Tuesday, March 4, 2008

Bad on trade = bad for Canada




Democratic presidential hopeful Barack Obama
in San Antonio, Texas yesterday. (Win McNamee, Getty Images)


It is difficult to overstate the severity of the hosing Canadians will experience if Barack Obama becomes president of the United States.

The foremost way in which the callow Senator from Illinois would snatch the double-double from our Timmy's is evident in his attitude toward trade. In pursuit of blue-collar primary votes in Wisconsin and Ohio, and in defiance of the fact that U.S. manufacturing jobs have been declining since 1979, Obama has effectively scapegoated the North American Free Trade Agreement (NAFTA) for job losses, promising to revisit, and perhaps withdraw from, the treaty.

Slapping tariffs on Canadian exports would hurt folks on both sides of the border. (Does Obama suppose that duties on American exports will actually revitalize the U.S. manufacturing base?). The same organized labour groups that clamour against NAFTA (or any free trade deal, really) would do far better to encourage a cut in corporate tax rates, assuming their ambition is to bring back jobs. Such a move in the United States would prompt similar action in Canada, helping all of our workers.

But this is not in Obama's playbook. Whether Canadians know it or not, his election would hit us squarely in the wallet.

Here is a simple truth with which Canadians should acquaint themselves: Republicans are generally free traders; Democrats, not. Since two Republican presidents and one Conservative prime minister effected the Canada-U.S. free trade agreement in 1989, trade between our two countries has tripled. Bill Clinton's acceptance of NAFTA in 1993 remains a heresy to many in his party -- including his wife and her rival for the Democratic presidential nomination, Obama.
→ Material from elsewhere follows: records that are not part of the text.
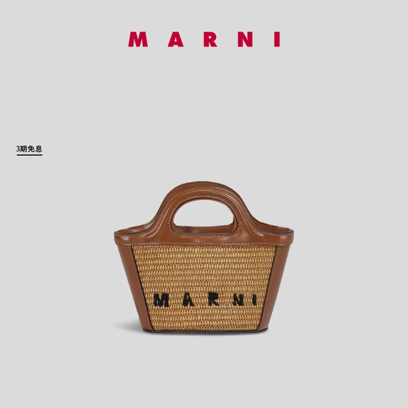 MARNI TROPICALIA经典款小号时尚复古草编斜挎包编织包
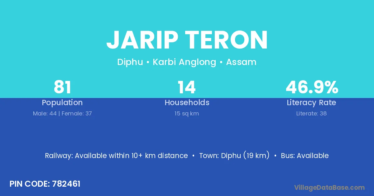 Diphu (19 km) is the nearest town to Jarip Teron village for major economic activities and is located approximately 19 km away.
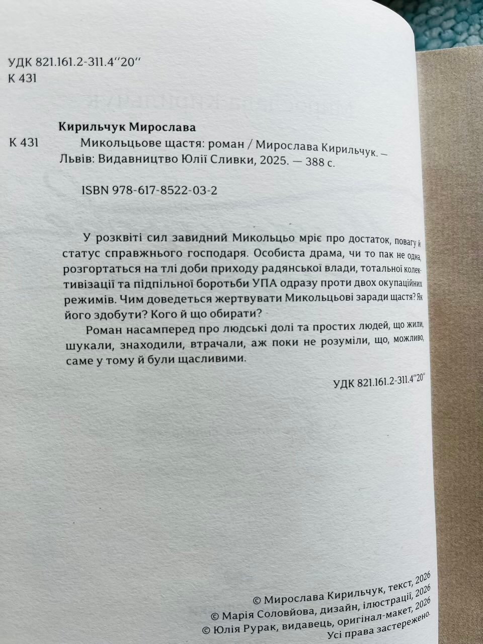 У розквіті сил завидний Микольцьо мріє про достаток, повагу і статус справжнього господаря. Особиста драма чи то пак не одна розгортаються на тлі доби приходу радянської влади, тотальної колективізації й підпільної боротьби УПА одразу проти двох окупаційних режимів. Чим доведеться жертвувати Микольцьові заради щастя? Як його здобути? Кого й що обирати? Роман насамперед про людські долі й простих людей, що жили, шукали, знаходили, втрачали, аж поки не розуміли, що, можливо, саме у тому й були щасливими.
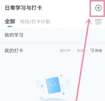 2、进入打卡页面,点击右上角【+】
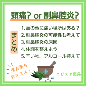 頭だけじゃなく他に痛い場所があった時は、副鼻腔炎の可能性も考えてみてください。
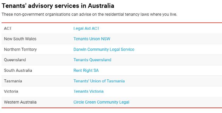 3) Seek advice from your local tenants’ advisory ser vice or relevant government tribunal or agency if you are in doubt. The organisations in the following table are a good place to start.
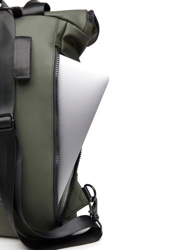 A chic, contemporary bag in supple PU. This versatile design can be carried as either a rucksack or a tote bag - commute with the bag comfortably on your back and then simply carry it over your arm if you're going out for lunch. The clever padded computer pocket is the perfect place to store your devices. You can also attach this bag to your bike frame. The perfect combination of practicality and style! Suitable for computers with an overall size of 17 inches. Please note that the dimensions of the display are not the same as the dimensions of the entire computer.
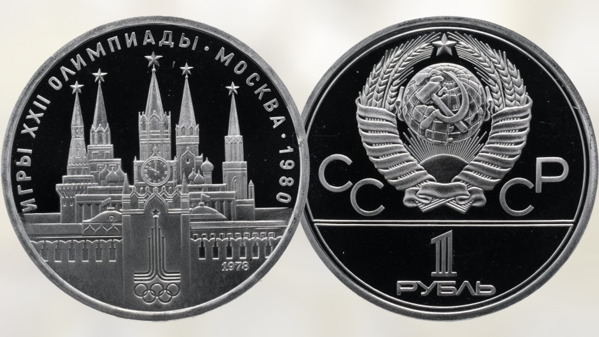 Монета 1 рубль "Кремль" Олимпийские игры в Москве.
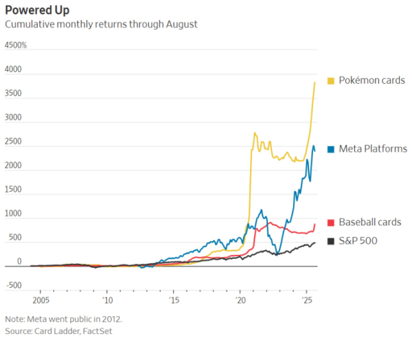 트레이딩카드는 배당도 없고 금융규제 대상도 아니지만 가격이 폭등하고 있다. 카드 가치 추적업체 카드라더지수에 따르면 8월까지 포켓몬 카드의 누적 월간 수익률은 2004년 이후 약 3821%에 달했다. 같은 기간 S&P500지수 수익률(483%)을 크게 웃도는 수치다. 매그니피센트7(M7)으로 불리는 미국 대형 빅테크 종목 중 하나인 메타의 2012년 상장 이후 주가 상승률은 약 1844%였다.

But trade is only one aspect of Obama's abysmal agenda. His misbegotten economic and foreign-policy prescriptions matter, too. He plans to raise taxes across the board -- doubling capital gains, increasing inheritance taxes to 55%, and hiking income taxes to such levels that Americans could see marginal rates at the 65-70% range of the bad old days. The American economy is already facing a recession; with Obama's help, a full-on depression is achievable. And as the American economy goes, so does that of Canada.

There is much talk about Obama as the agent of "hope" and "change," and his energy and youth have prompted comparisons to John F. Kennedy. But JFK understood the value of letting businesspeople do business, within and across borders. Kennedy's tax cuts were larger than those of any president since --including Ronald Reagan and George W. Bush -- resulting in higher tax receipts for years, and buoying the North American economy.

From a broader perspective, consider Obama's threats to invade Pakistan, negotiate without condition with Cuba and Iran, and cut off exports from China. "Hope," indeed! One hopes Obama does not mean a word he is saying. He is Jimmy Carter without the foreign-policy acumen.

We have all dodged a bullet with the collapse of Hillary Clinton's 2008 presidential campaign (but expect to see her screeching back in 2012, like Glenn Close coming out of that bathtub). The big-government, high-tax protectionist notions that animate Hillary's political philosophy, however, are still part of this presidential contest, and they are embodied by Obama. This is not good news for Canadians, however compelling they may find Obama to be.

For various ideological reasons, Canadians most often identify with the Democratic candidates in American presidential contests. As Barack Obama prepares to hobble America's economy, close its borders to trade and legitimize our shared enemies, Canadians ought to reconsider their outlook.